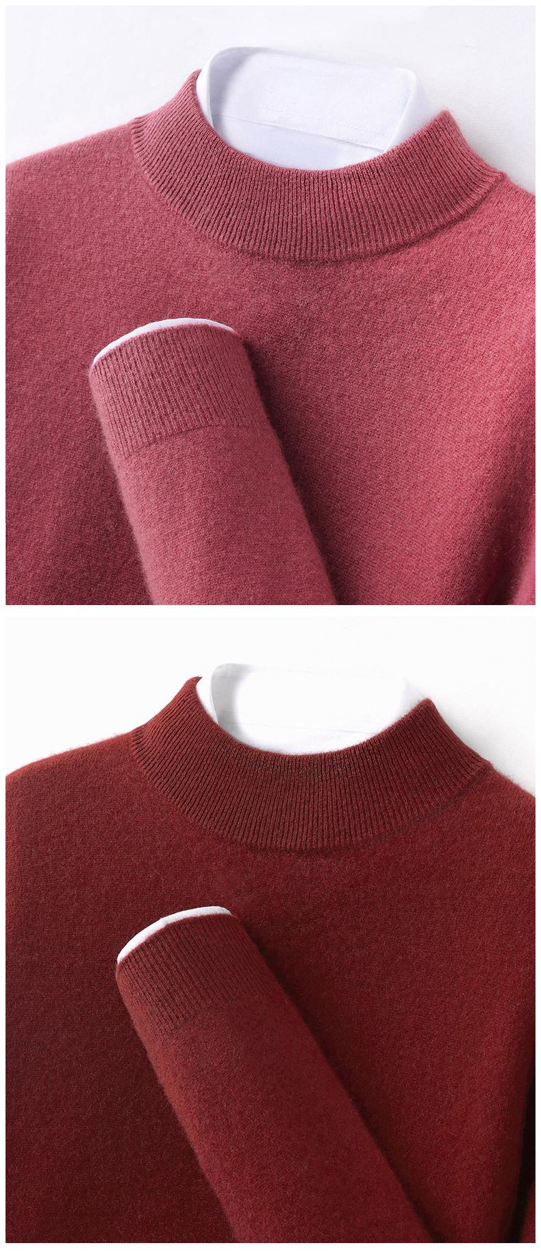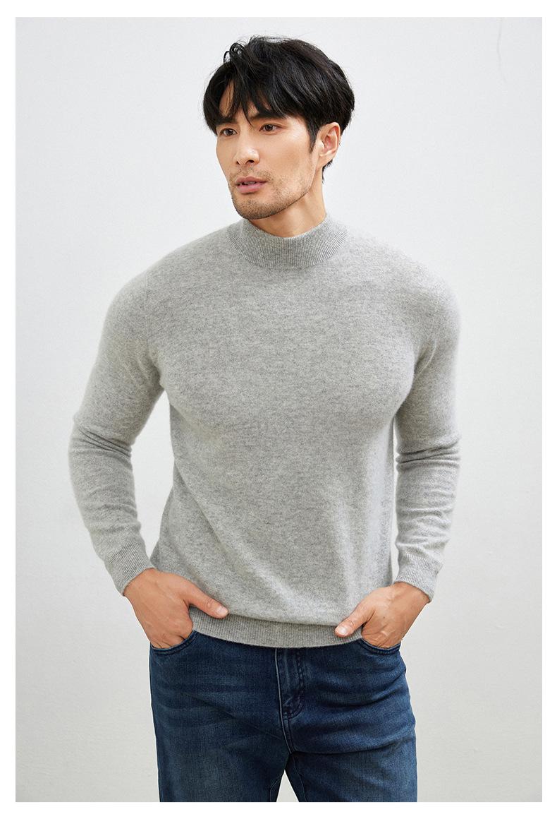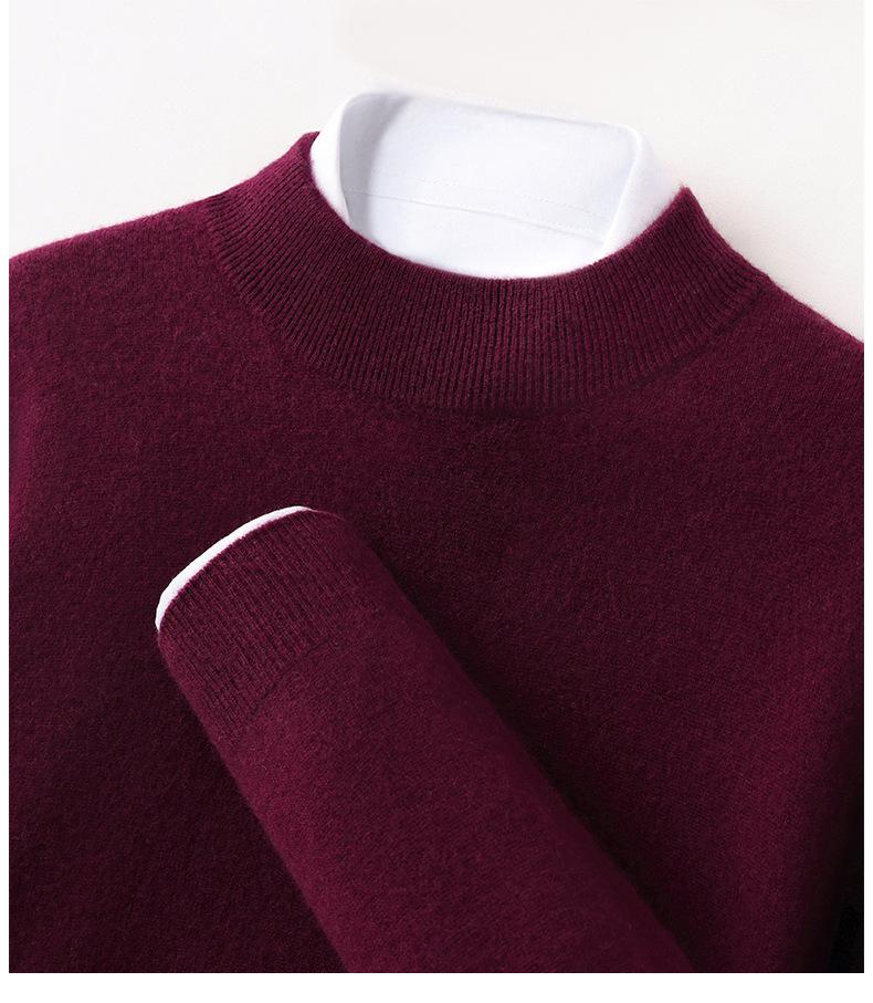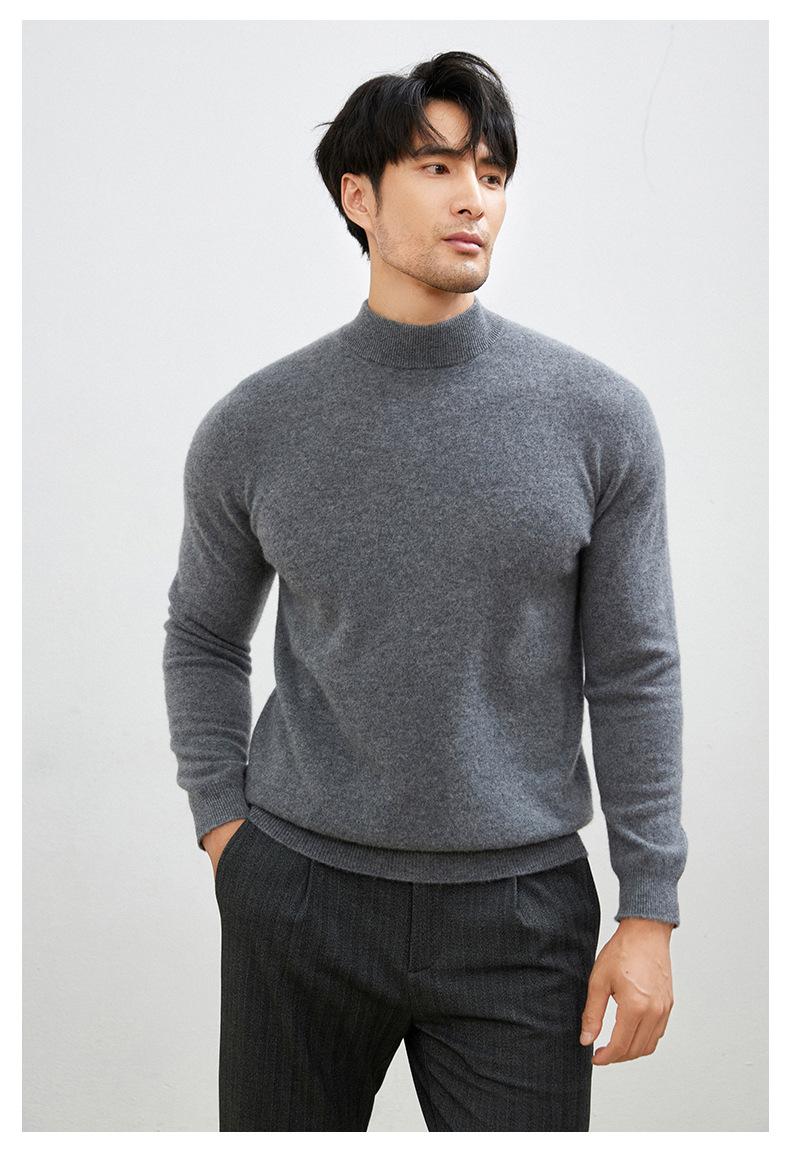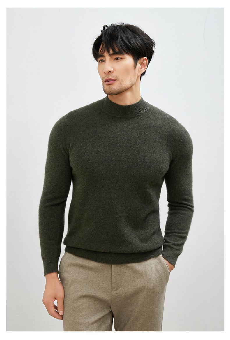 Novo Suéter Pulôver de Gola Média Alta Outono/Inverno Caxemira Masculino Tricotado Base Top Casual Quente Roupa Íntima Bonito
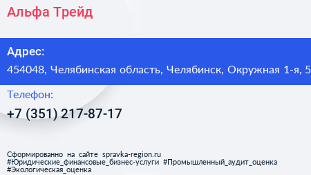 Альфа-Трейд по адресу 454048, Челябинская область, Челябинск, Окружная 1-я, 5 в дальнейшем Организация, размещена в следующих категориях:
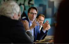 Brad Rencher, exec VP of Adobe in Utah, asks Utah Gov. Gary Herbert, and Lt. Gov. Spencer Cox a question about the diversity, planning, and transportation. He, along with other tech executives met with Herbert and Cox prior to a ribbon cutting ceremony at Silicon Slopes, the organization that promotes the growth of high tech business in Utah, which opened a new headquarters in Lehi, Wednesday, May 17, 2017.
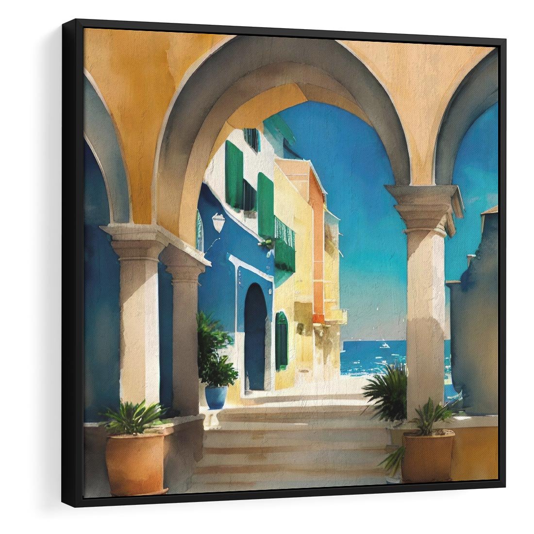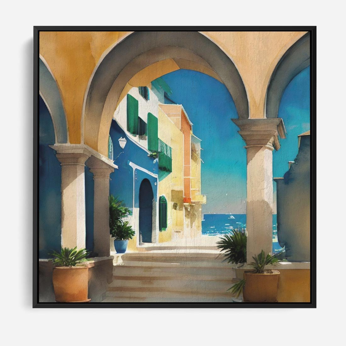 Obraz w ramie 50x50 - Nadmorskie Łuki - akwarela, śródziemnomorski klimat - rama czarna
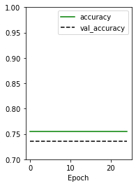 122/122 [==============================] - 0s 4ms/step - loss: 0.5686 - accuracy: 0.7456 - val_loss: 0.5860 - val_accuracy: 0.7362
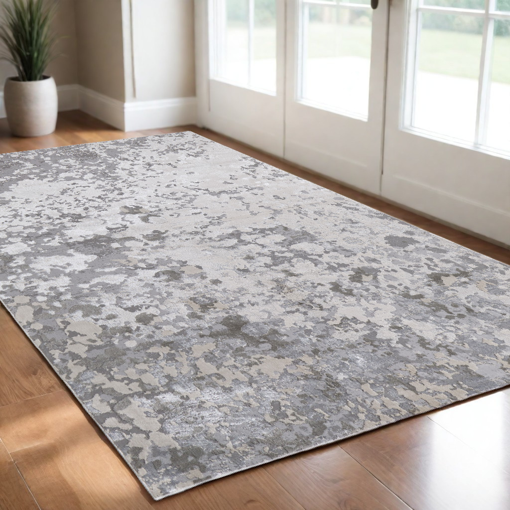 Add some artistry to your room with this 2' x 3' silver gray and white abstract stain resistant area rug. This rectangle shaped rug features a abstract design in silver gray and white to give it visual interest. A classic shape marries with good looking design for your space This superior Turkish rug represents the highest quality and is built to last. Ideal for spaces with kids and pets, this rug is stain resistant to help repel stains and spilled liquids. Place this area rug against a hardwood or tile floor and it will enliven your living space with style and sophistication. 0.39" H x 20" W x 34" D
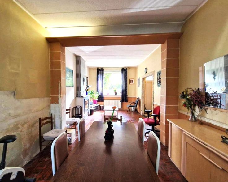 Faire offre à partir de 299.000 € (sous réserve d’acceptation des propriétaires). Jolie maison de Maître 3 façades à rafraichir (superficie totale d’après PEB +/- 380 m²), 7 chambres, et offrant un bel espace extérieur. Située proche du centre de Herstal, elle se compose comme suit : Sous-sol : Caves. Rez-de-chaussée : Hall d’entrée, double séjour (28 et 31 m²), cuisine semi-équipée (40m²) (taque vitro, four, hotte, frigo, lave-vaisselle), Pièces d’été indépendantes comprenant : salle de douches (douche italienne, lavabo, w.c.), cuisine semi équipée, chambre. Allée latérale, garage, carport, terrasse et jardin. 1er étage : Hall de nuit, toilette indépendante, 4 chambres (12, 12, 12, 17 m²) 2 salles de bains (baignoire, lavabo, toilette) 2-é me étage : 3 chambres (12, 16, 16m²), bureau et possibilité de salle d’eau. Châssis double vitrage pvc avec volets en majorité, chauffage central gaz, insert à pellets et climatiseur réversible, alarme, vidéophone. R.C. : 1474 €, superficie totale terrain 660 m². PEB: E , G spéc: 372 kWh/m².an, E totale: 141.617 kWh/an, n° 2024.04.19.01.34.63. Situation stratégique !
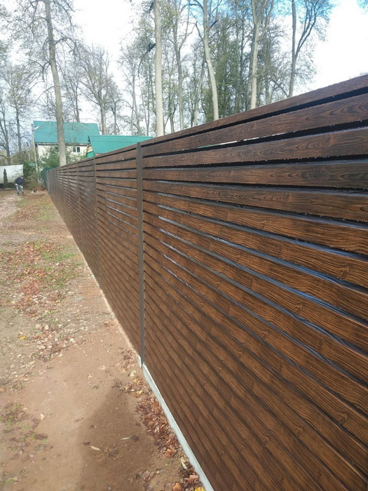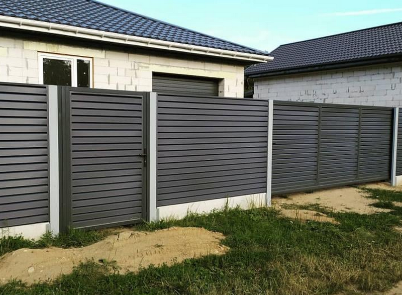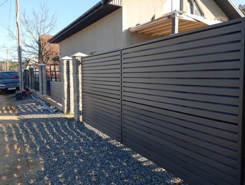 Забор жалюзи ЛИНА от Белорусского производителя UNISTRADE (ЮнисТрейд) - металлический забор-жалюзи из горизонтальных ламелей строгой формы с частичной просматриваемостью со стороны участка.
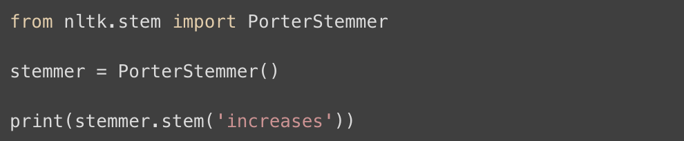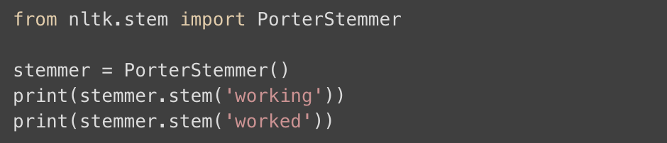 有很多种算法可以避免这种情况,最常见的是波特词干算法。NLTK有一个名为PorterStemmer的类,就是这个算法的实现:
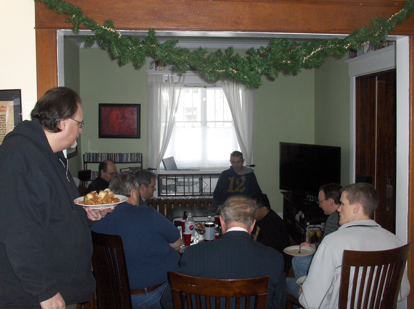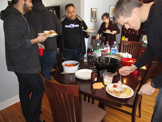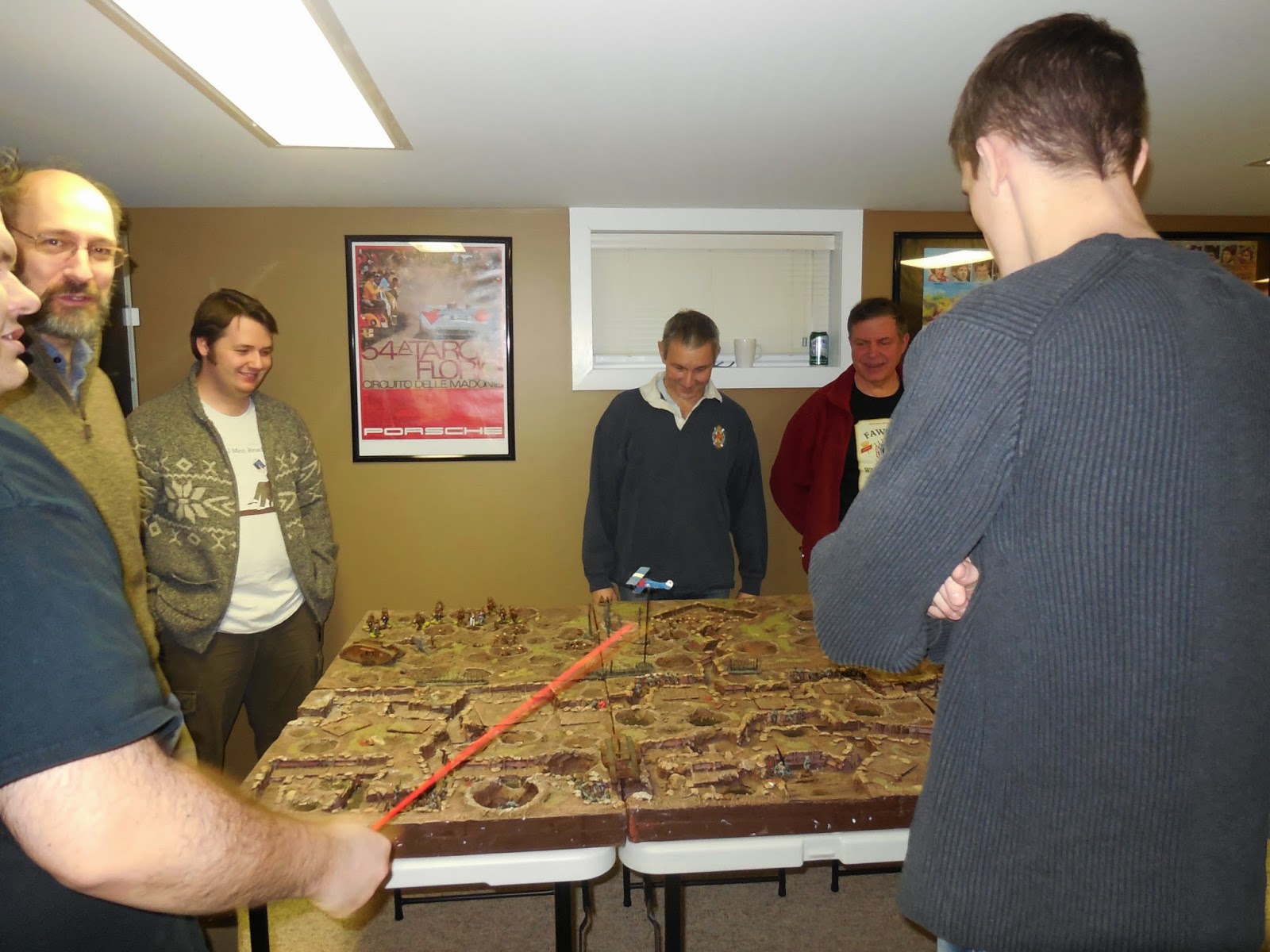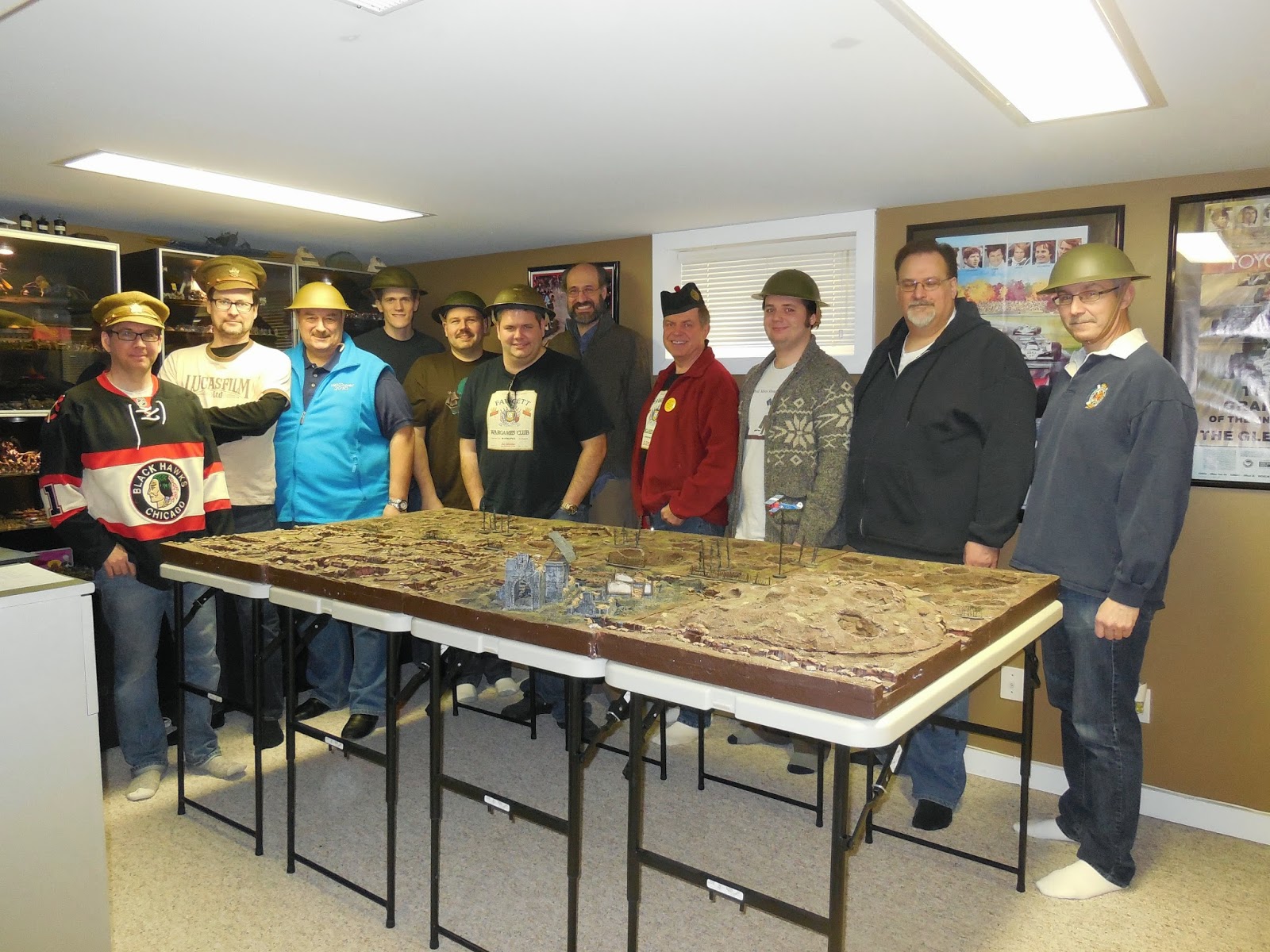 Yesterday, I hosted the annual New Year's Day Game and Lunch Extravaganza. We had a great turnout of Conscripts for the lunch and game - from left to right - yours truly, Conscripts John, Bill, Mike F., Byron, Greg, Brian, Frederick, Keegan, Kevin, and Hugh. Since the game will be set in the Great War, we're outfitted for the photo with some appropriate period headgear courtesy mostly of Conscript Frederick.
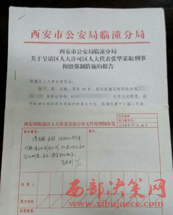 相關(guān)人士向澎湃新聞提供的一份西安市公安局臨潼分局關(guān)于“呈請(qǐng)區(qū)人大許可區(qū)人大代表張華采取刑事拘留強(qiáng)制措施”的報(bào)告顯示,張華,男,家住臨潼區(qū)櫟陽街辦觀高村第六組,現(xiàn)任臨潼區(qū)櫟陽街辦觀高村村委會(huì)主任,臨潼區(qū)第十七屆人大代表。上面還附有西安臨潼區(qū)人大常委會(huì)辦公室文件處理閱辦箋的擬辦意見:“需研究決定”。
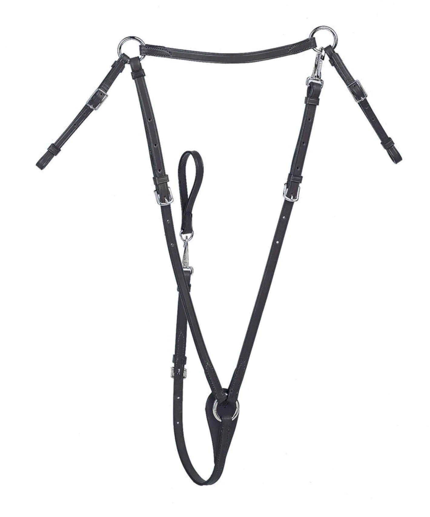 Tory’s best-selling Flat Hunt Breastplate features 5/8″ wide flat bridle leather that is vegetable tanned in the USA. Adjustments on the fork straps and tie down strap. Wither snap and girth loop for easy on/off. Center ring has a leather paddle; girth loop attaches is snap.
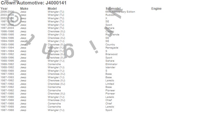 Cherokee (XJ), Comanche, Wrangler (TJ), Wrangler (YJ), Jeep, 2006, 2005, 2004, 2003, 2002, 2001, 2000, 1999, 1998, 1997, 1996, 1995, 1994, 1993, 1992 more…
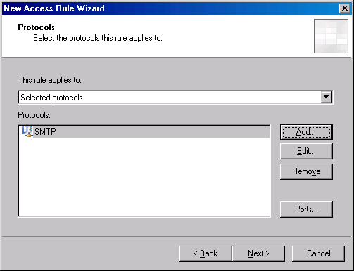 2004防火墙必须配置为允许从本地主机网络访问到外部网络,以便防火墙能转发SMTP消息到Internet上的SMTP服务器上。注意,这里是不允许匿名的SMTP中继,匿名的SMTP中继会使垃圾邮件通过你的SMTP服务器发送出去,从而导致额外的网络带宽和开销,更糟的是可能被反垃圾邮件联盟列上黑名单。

= TRY IT =
The answer must consist solely of the lines from the first line of the records through the line containing "Альфа-Трейд по адресу", reproduced exactly and without the pictures.

= PROBLEM SOLUTION =
 Novo Suéter Pulôver de Gola Média Alta Outono/Inverno Caxemira Masculino Tricotado Base Top Casual Quente Roupa Íntima Bonito
 Альфа-Трейд по адресу 454048, Челябинская область, Челябинск, Окружная 1-я, 5 в дальнейшем Организация, размещена в следующих категориях:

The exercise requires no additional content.